Много сказано уже было и написано о том, почему поэты живут именно так, как сказал Стасик: мало и хуёво. Казалось бы, трудно сказать что-то новое по данной теме. Но я смогу. Я прямо и сразу назову трех главных врагов любого поэта и попутно еще развею миф, что враги поэта – власти.
Начну с мифа. Поэтам самим удобнее, чтобы их врагами считались власти. Даже с Пушкиным ту же историю притянули, мол, царь хотел иметь Наталью Николаевну Гончарову и из-за этого унижал всячески наше всё и чуть ли не сам подстроил дуэль нашего всё с Дантесом. Но это не так. Да, Наталья Николаевна действительно это желание вызывала у всех современников – иметь ее, но ведь Пушкин и сам это знал, когда брал ее в жены. Тут что-то не так. Царь ни при чем. Власти поэту не враги. Они, можно сказать, поэту только лучше делают. Отправляют в ссылку в имение – а там у поэта тут же начинается Болдинская осень. За неимением имения могут выслать из страны – а там у поэта тут же Нобелевская премия. Власти поэту помогают стать большим поэтом. Даже в случае с Гумилевым и Мандельштамом, Хармсом и Клюевым – то есть такими поэтами, которых власти физически сгубили, ни за что ни про что, суки, замочили, – это все равно верно. Некоторым поэтам преследования со стороны царей и царьков помогают написать свои лучшие тексты. Некоторым помогают стать не просто поэтами, а героями. А герой должен умереть, это догма. Ну а некоторым, есть и такие, расправа помогает дойти до наших дней, то есть мы знаем их сегодня потому, что их расстреляли, сослали и так далее. Многие ли знают, что был такой поэт – Павел Васильев? А ведь, когда он был живой, многие думали, что он будет круче Есенина. До того как Сталин его замочил, поэт написал:
Что скажешь, читатель? Ведь за одно это уже можно поэта считать таковым. А упоминают Васильева потому, что Сталин сволочь. Но Сталин – это не главное. Сволочь не может быть главной. То есть может, но не вечно. А поэт остается главным навечно.
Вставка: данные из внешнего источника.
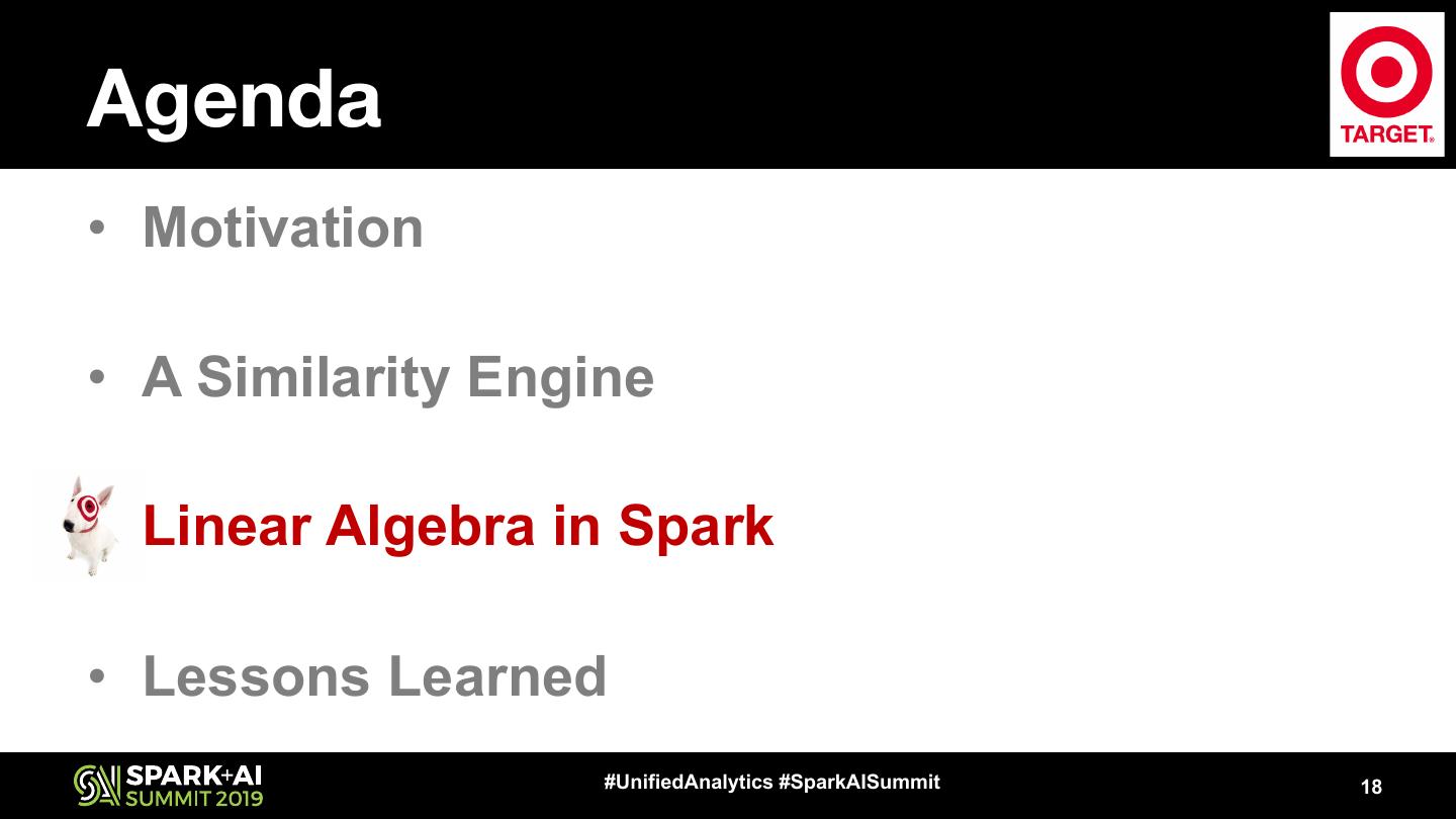 18 .Agenda • Motivation • A Similarity Engine • Linear Algebra in Spark • Lessons Learned #UnifiedAnalytics #SparkAISummit 18

А Сергей Клычков? Когда случилась революция, он так поверил в это все, он написал даже, что «самым торжественным, самым прекрасным праздником теперь будет праздник Любви, к зверю, птице и человеку!». Вот человек. А что мы знаем о нем? Что его погубил Сталин? Но разве может коротышка погубить великана? Да, может. Но не навсегда. Все равно люди будут помнить великана, а коротышку забудут. Может, не сразу они это сделают. Но раньше или позже это случится. Поэты – это жертвы, которые всегда переживают своих палачей.
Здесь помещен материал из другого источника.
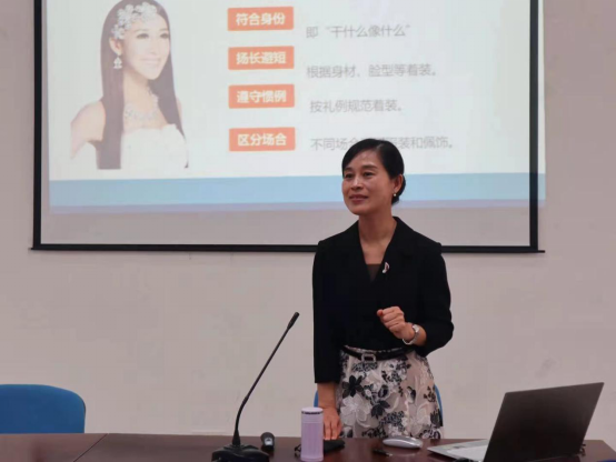 龚教授举止优雅大方,说话方式幽默风趣,通过举例生活中自己所经历的各类小故事,让在座对职场礼仪有了更加深刻的理解。龚教授的讲座讲述了礼仪概况、职场形象的重要性以及职场形象的塑造,环环相扣,层层推进。
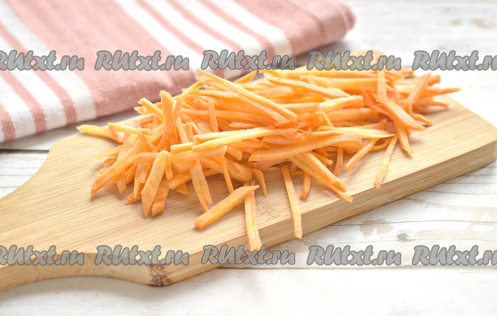 Очищаем морковь и луковицу. Нарезаем морковку тонкой соломкой (или натираем на тёрке для корейской моркови).

Ну и, конечно, всем поэтам, и тем, кто в ссылке увидел вдруг, что за окном не просто осень, а Болдинская осень, и тем, кто, присев на чемодан, думал, как потратить лучше Нобелевку, и тем, кто, как Клычков и Васильев, сохранились как бабочки в янтаре потому только, что Сталин закатал их в янтарь, – всем им, всем поэтам, власти оказывают самую главную услугу. Они помогают им пострадать. А страдания для поэта – как героин для наркомана. Это главное. Первым делом самолеты. Ну, а девушки? Ну, что девушки… Потом.
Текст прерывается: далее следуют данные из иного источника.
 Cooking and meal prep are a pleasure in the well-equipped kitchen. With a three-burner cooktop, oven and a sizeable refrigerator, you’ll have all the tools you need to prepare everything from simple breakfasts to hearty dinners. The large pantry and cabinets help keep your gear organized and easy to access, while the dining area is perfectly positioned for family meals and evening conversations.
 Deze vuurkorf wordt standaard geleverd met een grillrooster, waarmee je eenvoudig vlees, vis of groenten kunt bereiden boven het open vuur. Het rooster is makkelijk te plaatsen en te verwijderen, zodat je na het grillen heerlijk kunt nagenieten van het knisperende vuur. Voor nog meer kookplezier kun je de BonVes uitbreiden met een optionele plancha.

Когда я был маленький, я удивлялся – откуда может взяться оливковое масло? То есть как его делают? Ну, понятно, как томатный сок делают, – сожми помидор в руке, и вот тебе сок, на руке и на лице. Виноградинки потверже, но у моего деда, винодела, был такой пресс специальный, дед называл его давилкой, он давил в ней осенью ягоды, чтобы сделать вино. Но оливковые косточки, удивлялся я маленький, они же такие твердые. Сколько ни сжимай их в руке или даже в виноградной давилке – не выжмешь ни капли. Но потом дед объяснил. Он сказал – нужна давилка побольше, потяжелей. Тогда можно выдавить даже из самых твердых косточек – масло. Вот и с поэтами так. Нужна давилка побольше, потяжелей, чтобы из поэтов полилось драгоценное масло, стихи. Вот и вся функция Сталина – он просто давилка, он выдавливал стихи из поэтов. Мы обязаны Сталину Хармсом. Факт.
Умные поэты – хоть, как было сказано выше, поэты близки к музыкантам и потому бывают глупы, – так вот, самые умные поэты всегда понимали все это. Вот Пастернак, например. Не терял время на глупости, делом своим занимался, писал. А вот Мандельштам, когда написал «Мы живем, под собою не чуя страны», прочитал Пастернаку. И умный Борис Леонидович говорит:
– То, что вы мне прочли, Ося, это не литературный акт, это акт самоубийства, который я не одобряю и в котором не хочу принимать участия. Вы мне ничего не читали, я ничего не слышал.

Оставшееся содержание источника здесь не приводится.